I am renovating a small 3 bedroom cottage. There are 2 average bedrooms and 1 small plus kitchen and bathroom with shower over bath.

There is no gas to the village and so I am thinking electric. I am selling the property when complete and so a cost effective solution that I can fit myself but not too expensive to run.
 
Have a chat with nabours , see what some of them are using, you will get no end of answers on here from ground source, to oil, If your thinking of LPG then the tank and supply to the house is free, what type of hot water, well depending on water supply anything from conventional tanks in roof & hot water cylinder, to combi or unvented cylinder , if you go for gas then option of gas cooker / fire / boiler, oil would be boiler with electric cooker/fire all electric heating could be costly to run, and what about power cuts, with gas you would still have cooker / fire, with electric will supply cope with load ? and so it go's on, depends on what you intend spending and what you hope to make on sale, + depending on what system you fit how quick will it sell ??
 
The cost of an oil tank is too much and a lot of work. I think LPG will put buyers off and so I am leaning towards electric. I have arranged a new water supply so that should be fine. So any suggestions for a good electric system would be helpful.
 
If you have good mains pressure then an unvented cylinder on economy 7. Could even buy a solar version for future proofing
 
Megaflo are decent. I've also fitted range tribune by kingfisher. there all up to the job
 
Oil is more expensive to install, but upto 50% cheaper to run. If your willing to do most of the labour work the cost of tank install is considerably reduced. Fitting an external oil combo will also help save space indoors.
 
I would not buy a house on electric heating, defs the most expensive to run & not really a fan of electric fan type heaters on the walls!
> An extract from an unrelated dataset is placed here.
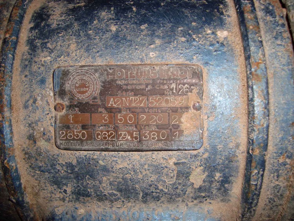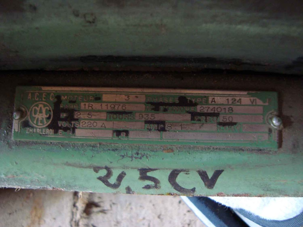photo 2 : 220V triphasé uniquement. Totalement inutilisable, il y a bien longtemps que ce courant n'est plus distribué. Je préconise le traitement habituel : extraction du stator, découpe d'un coté du bobinage à la disqueuse et hop, dans la braise.

I would go oil or even Lpg!
 
No good thinking along the lines of what you want ! it's what's going to make it easy to sell, 3 bed cottage, if stuck for space LPG combi with rads, free storage tank and pipe work to property, or oil but boilers tend to be expensive, As gassafe also pointed out all electric would put of a lot of buyers
 
The OP has already said he's going to DIY it so he's not going to spend thousands on a decent heating and hot water system.

Get an electrician in to wire up some wall mounted oil panel heaters and an electric shower.
 
The cost of an oil tank is too much and a lot of work. I think LPG will put buyers off and so I am leaning towards electric. I have arranged a new water supply so that should be fine. So any suggestions for a good electric system would be helpful.
If you think lpg bottles will put customers off, wait to they find out the running costs of an electric heating system.
 
LPG is much more expensive than oil.

Oct 15 rates, LPG was 6.26pence per kw/h. Oil was 3.51p, slightly lower than mains gas. Electricity at standard rate was over 15 pence per kw/h. Its cheaper on off peak tariffs, but still prohibitively expensive.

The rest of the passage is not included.